Will blockchain make the notary obsolete? The answer is no, but the profession will change dramatically. Blockchain will sharply curb the administrative burden for citizens and automate administrative procedures. This means the role of a notary will also shift. With the heightened complexity of buying a house, and the increasing number of regulations that accompany it – there is a new found need for guidance and advice in the sale process. A notary is needed, now more than ever, as an advisor and increasingly less as someone simply ‘taking note’.

Simplifying administration

With the sale of a home, the notary plays an unavoidable role. According to a law of 1803, the notary is the only one authorized to register the purchase of a property, making it official. In a normal sales process, the notary follows a number of steps: the identity control and the possible outstanding debts control of the buyer or seller, the acquisition of the necessary documentation concerning the real estate, the cost calculations, the deed signing and the costs of settlement. 

This process - from control to settlement - takes roughly two or three months.  Most of this time is spent acquiring the necessary documentation on the real estate, and controlling the identities and solvency of the buyer and seller. Naturally, the notary along with various government and private institutions are involved. A concrete example: urban planning design must be requested from the municipality. The legal time frame for this is 30 days, even though the task takes no more than a few hours to complete. 
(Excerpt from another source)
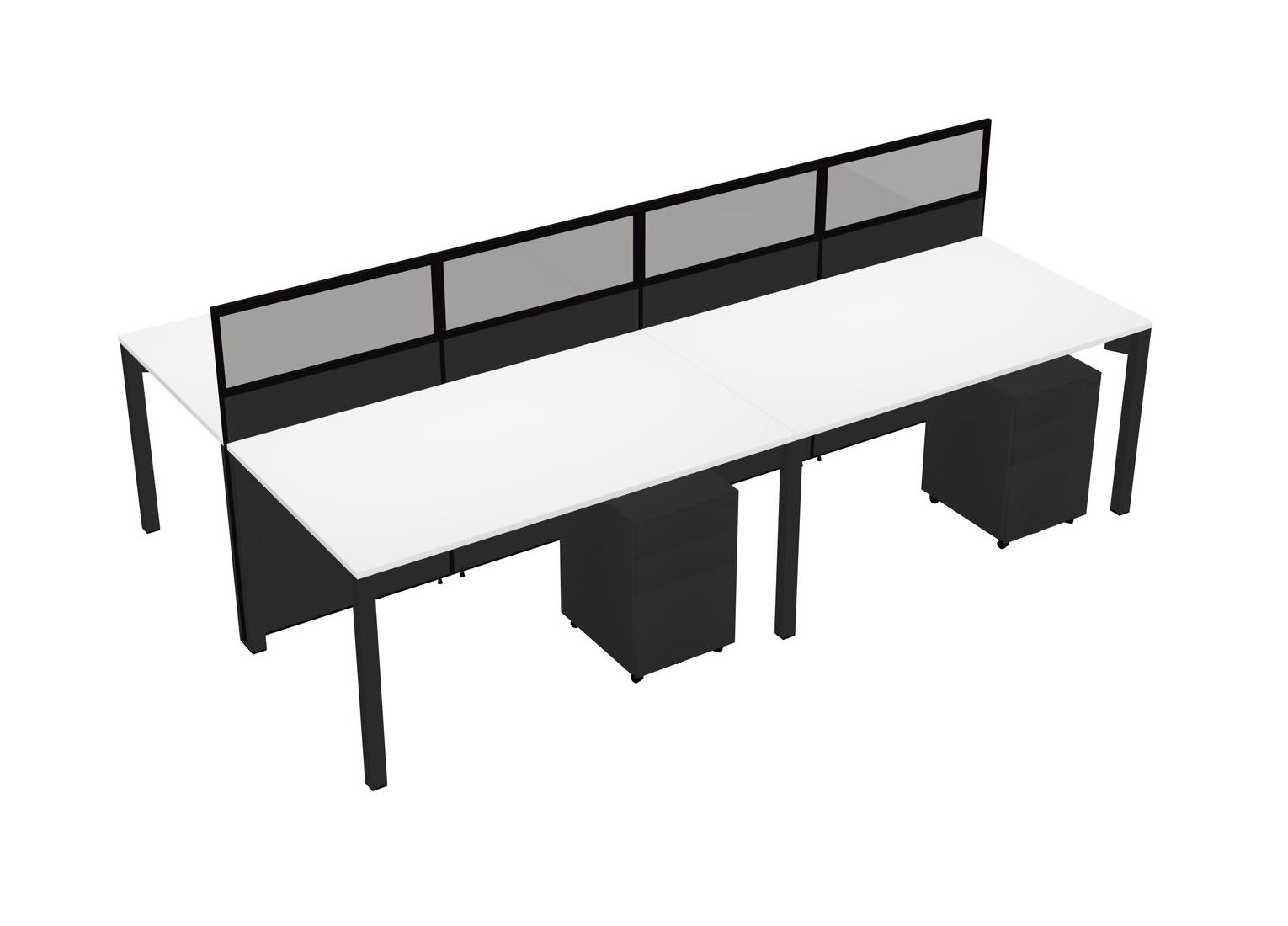 White Shared Rectangular Office Cubicle Panel System With Mobile Drawers For 4 Persons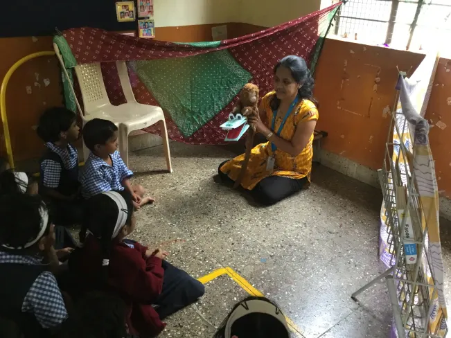 “I believe that storytelling sessions create a community of students with good values. It is one of the best opportunities a teacher can get to build strong connections with the children.” – Snehal Joshi, Teacher Leader at Anusuyabai Namdeo Waghere (ANW) English Medium School.

But a long procedure is not the only challenge. Citizens are often forced to go through the same administrative procedures multiple times with multiple authorities - resulting in inefficiencies and aggravation. Identity control, for example, is carried out by the notary, the municipality and the bank all independently. Today, the services involved have little oversight of the extensive administrative procedures citizens must go through with other authorities. 

Here is where blockchain offers a solution. A blockchain network among the various authorities involved in the sale of a home, makes it possible to harmonize a process that repeats the same steps. With the transparent sharing of information, all parties have a clear and constant view on the status of the various administrative procedures and their outcomes. The introduction of blockchain in real estate leads to a simplified administrative process, a reduced processing time for citizens, gained efficiency and a reduced workload for all institutions involved. 
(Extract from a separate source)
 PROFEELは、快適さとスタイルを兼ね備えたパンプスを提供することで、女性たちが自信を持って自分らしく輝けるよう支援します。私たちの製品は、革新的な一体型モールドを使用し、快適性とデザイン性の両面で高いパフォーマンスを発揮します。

How would this work in practice? Today, when requesting a loan, both the bank and the notary will carry out a control on the identity and the outstanding debts of the client. Expedient communication between the notary and the bank will ensure the administrative repetitiveness once necessary, no longer is. This way, once the bank has approved, the notary can immediately begin to process the necessary documentation concerning the real estate without having to relaunch the same controls.

Automation

The blockchain technology allows an optimization of the complete sale process and the expedient exchange between the parties. And within this lifecycle, numerous processes can be automated. Notably, in the form of digital smart contracts. Such a smart contract automatically carries out a predetermined agreement when the conditions - as based on objective information - have been met. 

The automation of administrative procedures can of course also be carried out with classic software systems. But blockchain offers the enormous advantage of information sharing in a safe, clear and structured fashion. The achieved gains in efficiency can benefit the notary, the government as well as the client. The transformation may, for example, eventually result in lowered costs for administrative documents.
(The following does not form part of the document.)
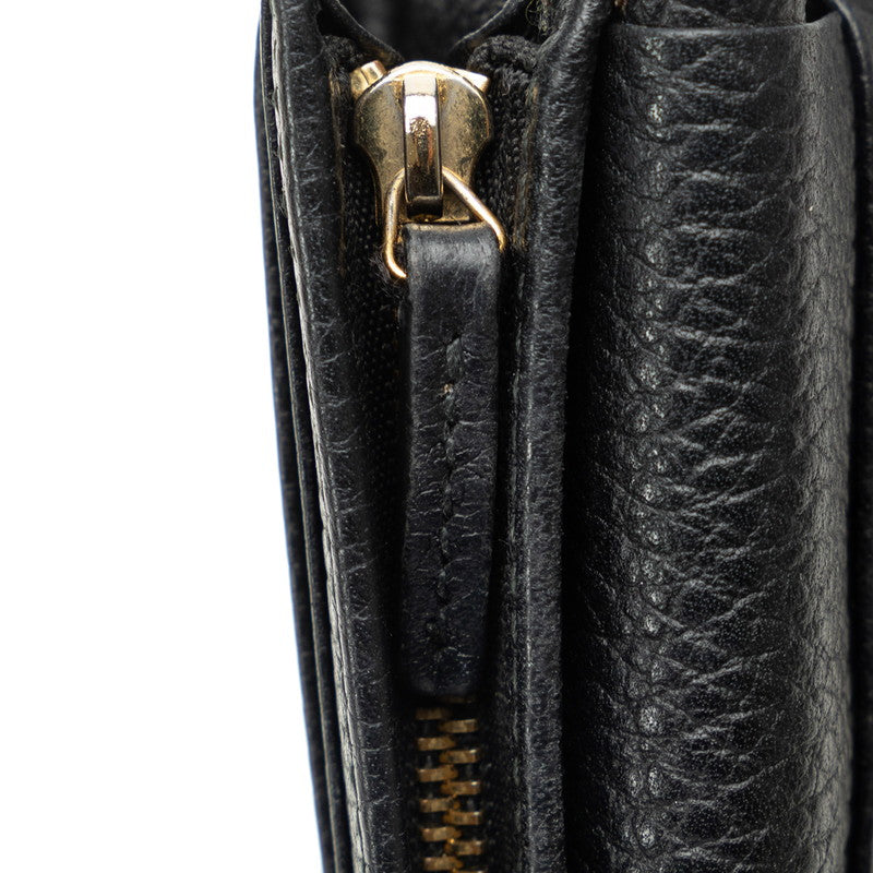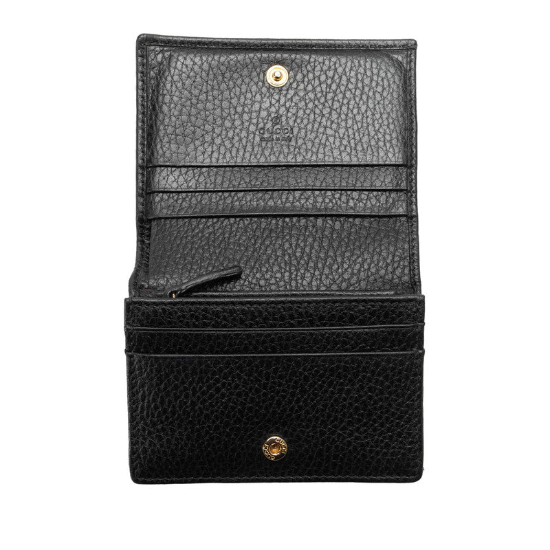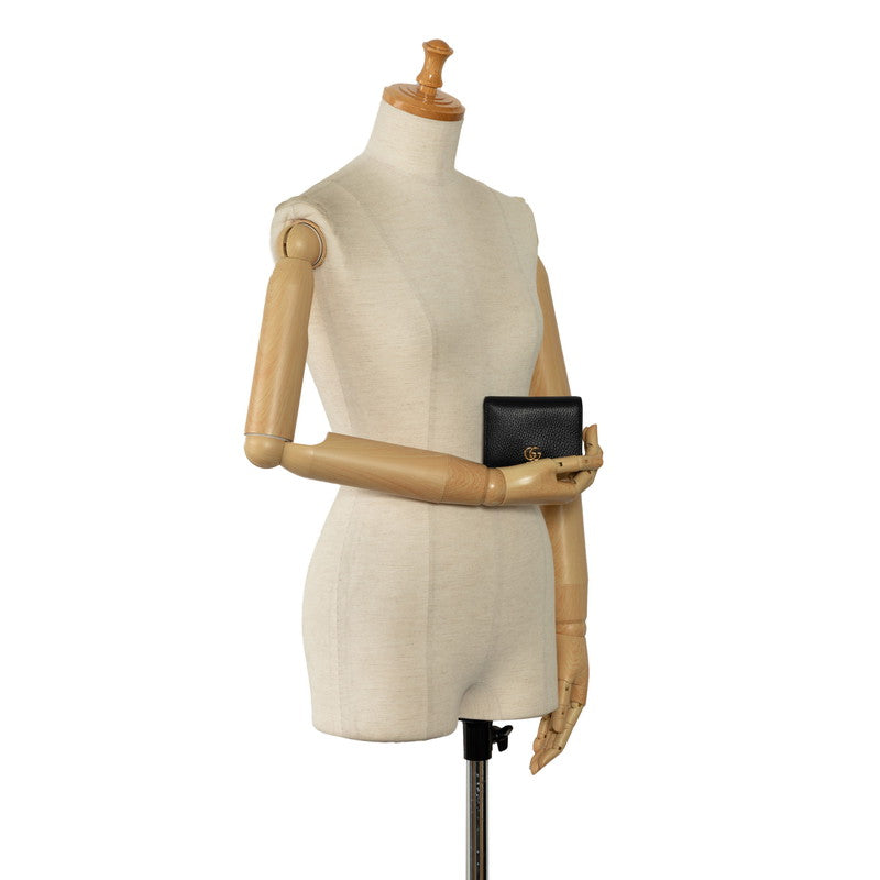 グッチ GGマーモント 二つ折り財布 コンパクトウォレット 456126 ブラック ゴールド レザー レディース GUCCI 【中古】

Other applications in the real estate sector

Efficiency can also be achieved in other real estate processes. Blockchain enables the reliable sharing of information among the borrowers, the financial institutions, the registry and other involved parties to streamline the process of mortgage loans. For this, consider a transparent financial platform on which the financial institution can expediently consult the necessary information, while the borrowers can also reap the benefits of the increased transparency and competition.

With the development and exploitation of large real estate projects, blockchain can play an innovative role by bolstering the communication and sharing of information among investors, real estate and construction companies, facility managers and insurers. This will reduce administrative burdens, and facilitate the development and construction of new and transparent financial real estate products.

As mentioned, the technology equally presents opportunities for government institutions. In addition to real estate actors - tax administration, environmental and social agencies also become part of the blockchain network. The collection and control of real estate related taxes, for example, can be simplified as can the control and issuance of environmental and construction permits and social subsidies. 

There is a clear future for blockchain in the real estate sector. For the notary, the government, the developer and the citizens it means administrative simplification, automation, protection, transparency and a reduction of costs. So with a huge potential for positive outcomes across parties, we must work to understand and adapt to this evolving context.